- **What the task requires**
Filter the material below down to the lines with the word "blue" and give those lines.

- **Exercise materials**
+++
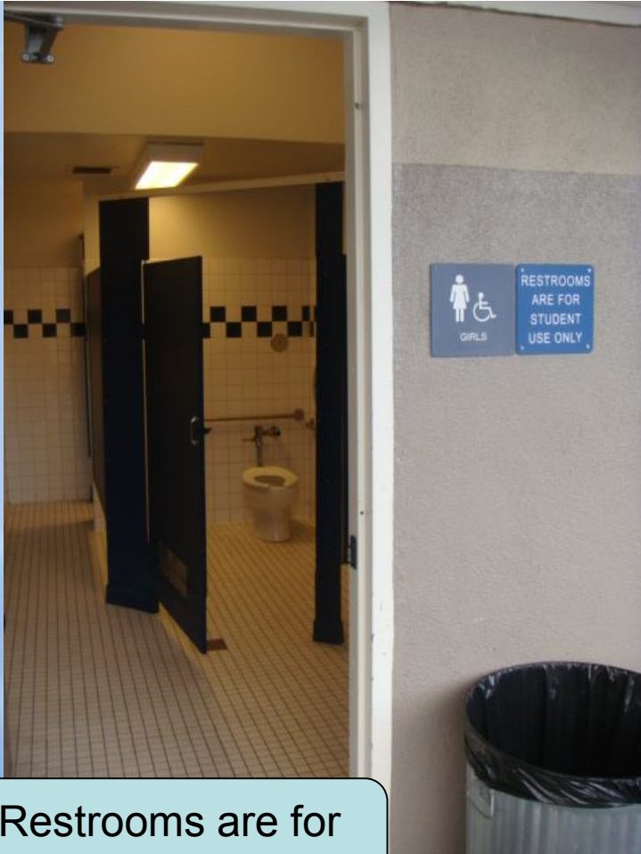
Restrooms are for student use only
+++
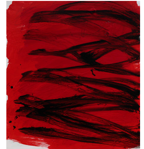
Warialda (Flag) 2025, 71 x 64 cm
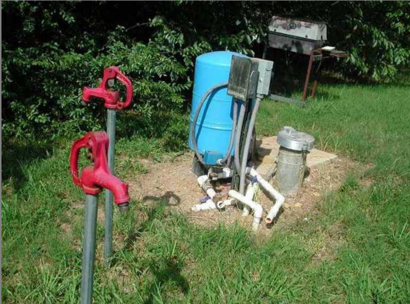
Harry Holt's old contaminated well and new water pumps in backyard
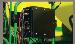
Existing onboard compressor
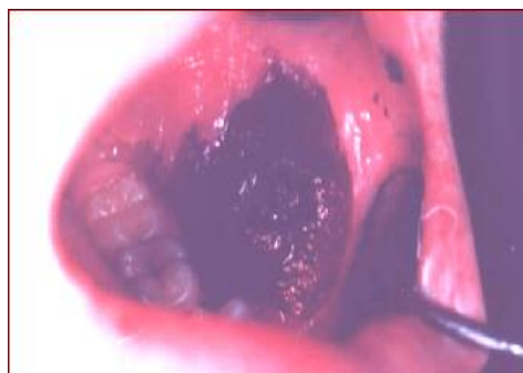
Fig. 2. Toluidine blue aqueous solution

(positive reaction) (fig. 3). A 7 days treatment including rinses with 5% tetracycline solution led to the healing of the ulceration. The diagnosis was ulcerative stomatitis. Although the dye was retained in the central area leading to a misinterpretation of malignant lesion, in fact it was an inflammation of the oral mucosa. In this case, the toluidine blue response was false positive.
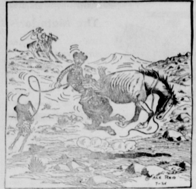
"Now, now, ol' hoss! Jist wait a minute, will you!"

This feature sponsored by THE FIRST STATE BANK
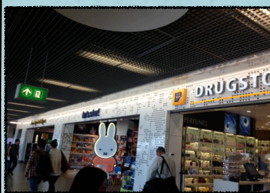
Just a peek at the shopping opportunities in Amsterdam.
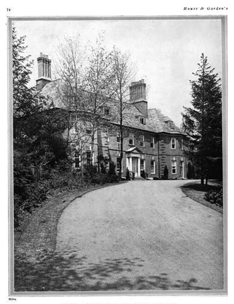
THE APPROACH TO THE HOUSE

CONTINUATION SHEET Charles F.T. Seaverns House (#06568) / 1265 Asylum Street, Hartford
+++
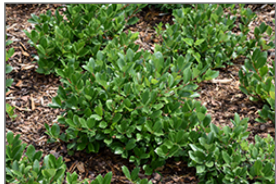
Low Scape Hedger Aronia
+++
- **Task output**
Fig. 2. Toluidine blue aqueous solution
(positive reaction) (fig. 3). A 7 days treatment including rinses with 5% tetracycline solution led to the healing of the ulceration. The diagnosis was ulcerative stomatitis. Although the dye was retained in the central area leading to a misinterpretation of malignant lesion, in fact it was an inflammation of the oral mucosa. In this case, the toluidine blue response was false positive.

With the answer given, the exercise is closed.